> **What the task asks**: Exactly as written, output each of the lines below, with no images.

> **Saved data entries**:
▼▼▼

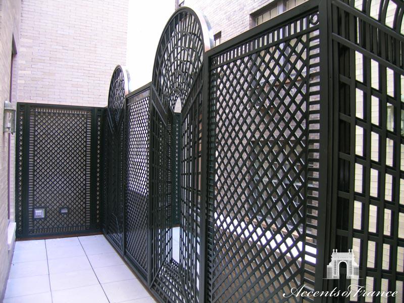 Custom wood treillage on a city balcony with trompe l’oeil. Painted in standard dark green color.
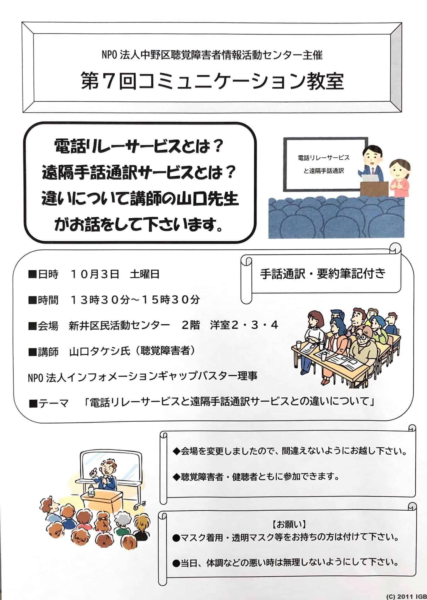 【ご報告】NPO法人中野区聴覚障害者情報活動センター主催「第7回コミュニケーション教室」(2020/10/3)
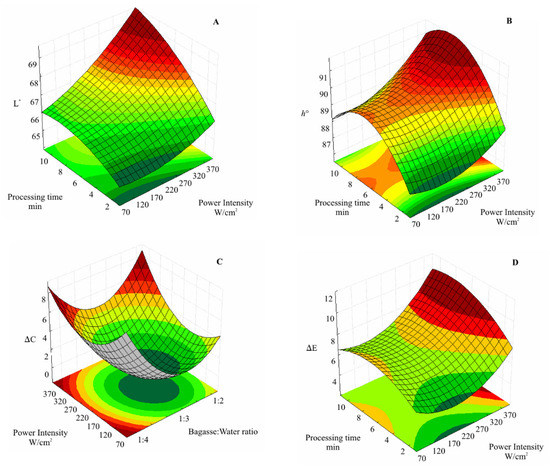 Response surface for the effect of sonication on luminosity (L*) (A); hue angle (h°) (B); Chroma (ΔC) (C); and total color difference (ΔE) and (D); of sonicated cashew apple bagasse (C.A.B.).
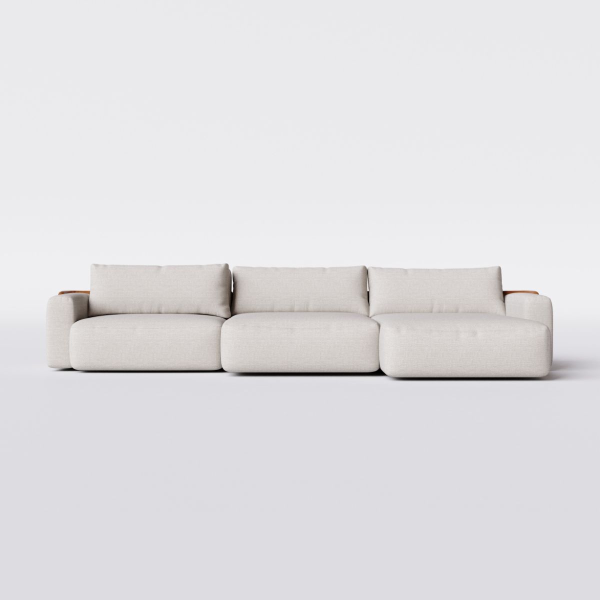 Largura total: 340 cm (1 mod c/braço de 117cm + 1 mod de 100cm + 1 chaise de 117cm + 6cm de acabamento)
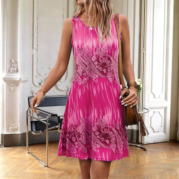 製品の説明:ベストラウンドネックデジタル印刷ドレス
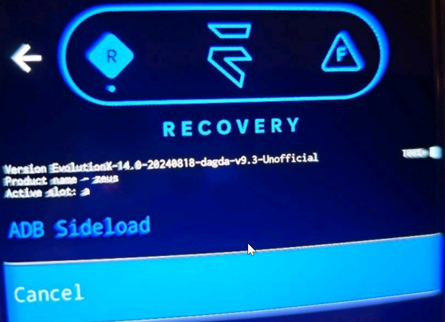 Ich sage ja und das Ding fährt ins Recovery wo ich auswähle "apply update" ->apply from ADB -> dann kommt das hier, wo ich nur "cancel" und nach oben "Pfeil nach links" auswählen kann.
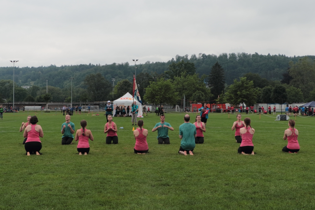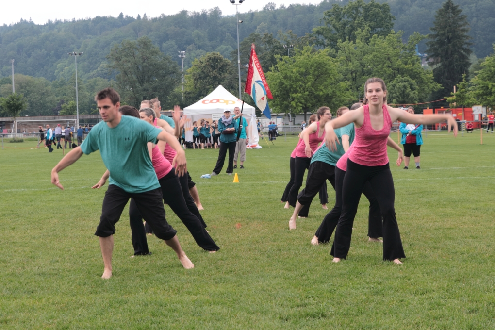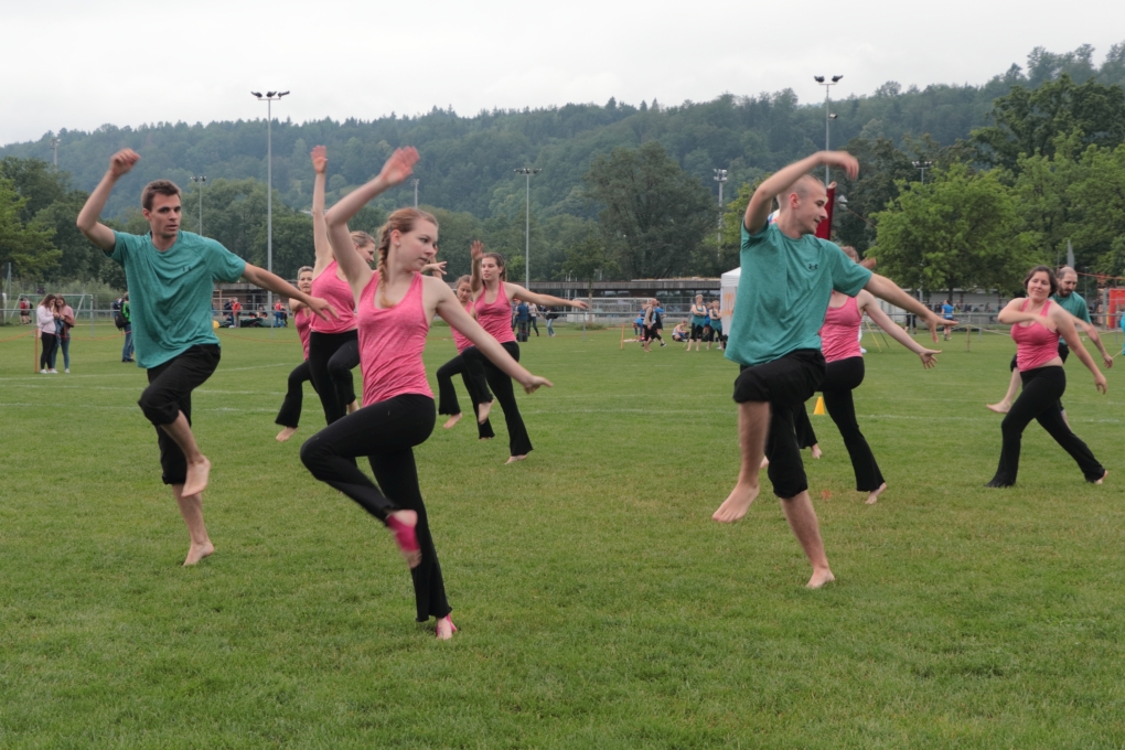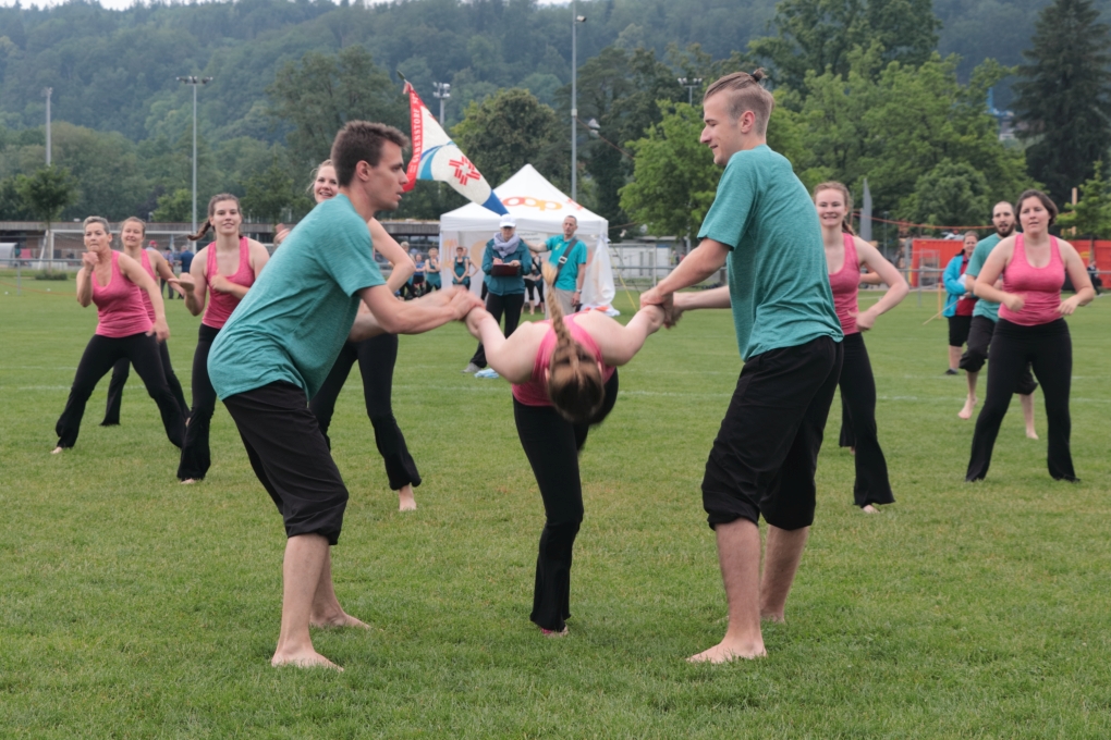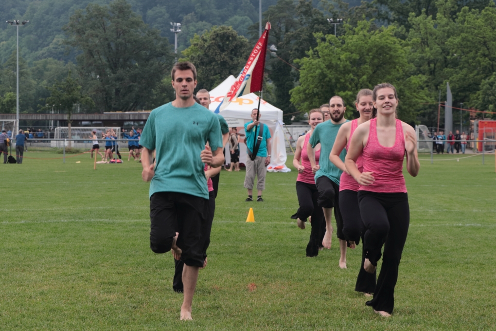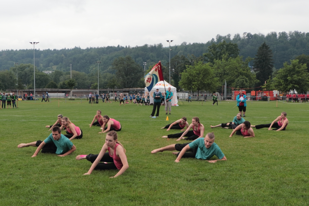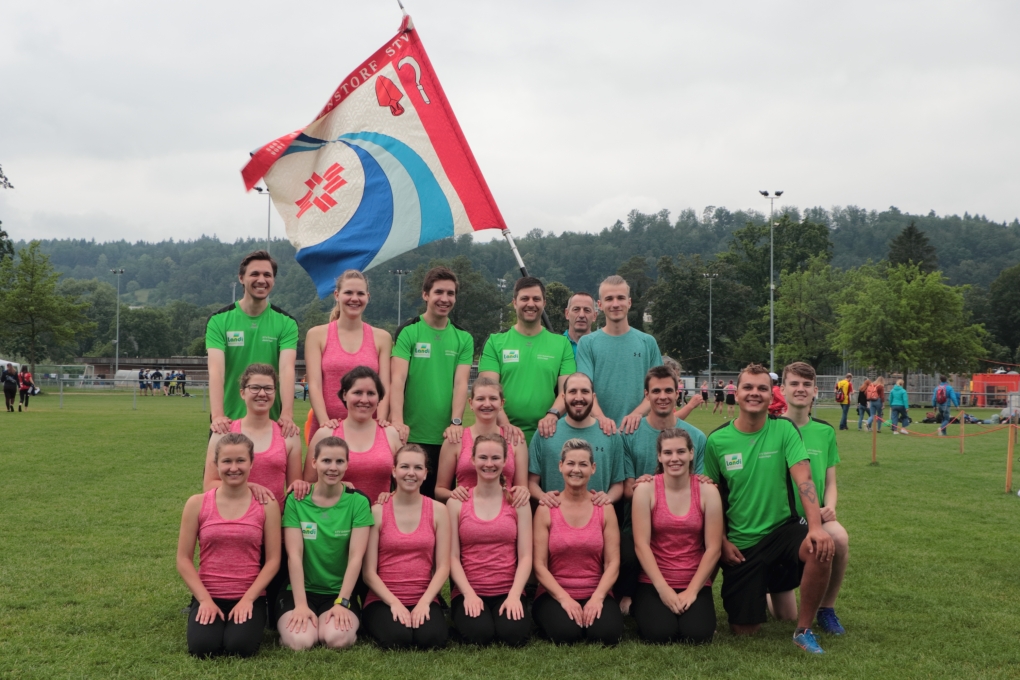 Gymnastik: Von den 10 Turner:innen welche aufliefen, waren 7 das erste Mal an einem Turnfest dabei und machten dementsprechend auch zum ersten Mal Gymnastik. Gerade noch vor dem Regen konnten wir unsere Nummer aufführen und wurden mit der Note 7.20 belohnt.
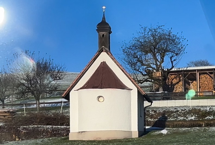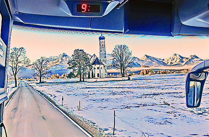 さて、我々の乗ったバス2台は、ドイツのバイエルン地方から、スイスとの国境を目指して走ります・・・車窓から、たまたま見えた、この小さすぎる教会、とっても可愛いですね!!(わずか数名で、一杯になってしまいそうな気が・・・)

▲▲▲

> **Written solution**:
 Custom wood treillage on a city balcony with trompe l’oeil. Painted in standard dark green color.
 【ご報告】NPO法人中野区聴覚障害者情報活動センター主催「第7回コミュニケーション教室」(2020/10/3)
 Response surface for the effect of sonication on luminosity (L*) (A); hue angle (h°) (B); Chroma (ΔC) (C); and total color difference (ΔE) and (D); of sonicated cashew apple bagasse (C.A.B.).
 Largura total: 340 cm (1 mod c/braço de 117cm + 1 mod de 100cm + 1 chaise de 117cm + 6cm de acabamento)
 製品の説明:ベストラウンドネックデジタル印刷ドレス
 Ich sage ja und das Ding fährt ins Recovery wo ich auswähle "apply update" ->apply from ADB -> dann kommt das hier, wo ich nur "cancel" und nach oben "Pfeil nach links" auswählen kann.
 Gymnastik: Von den 10 Turner:innen welche aufliefen, waren 7 das erste Mal an einem Turnfest dabei und machten dementsprechend auch zum ersten Mal Gymnastik. Gerade noch vor dem Regen konnten wir unsere Nummer aufführen und wurden mit der Note 7.20 belohnt.
 さて、我々の乗ったバス2台は、ドイツのバイエルン地方から、スイスとの国境を目指して走ります・・・車窓から、たまたま見えた、この小さすぎる教会、とっても可愛いですね!!(わずか数名で、一杯になってしまいそうな気が・・・)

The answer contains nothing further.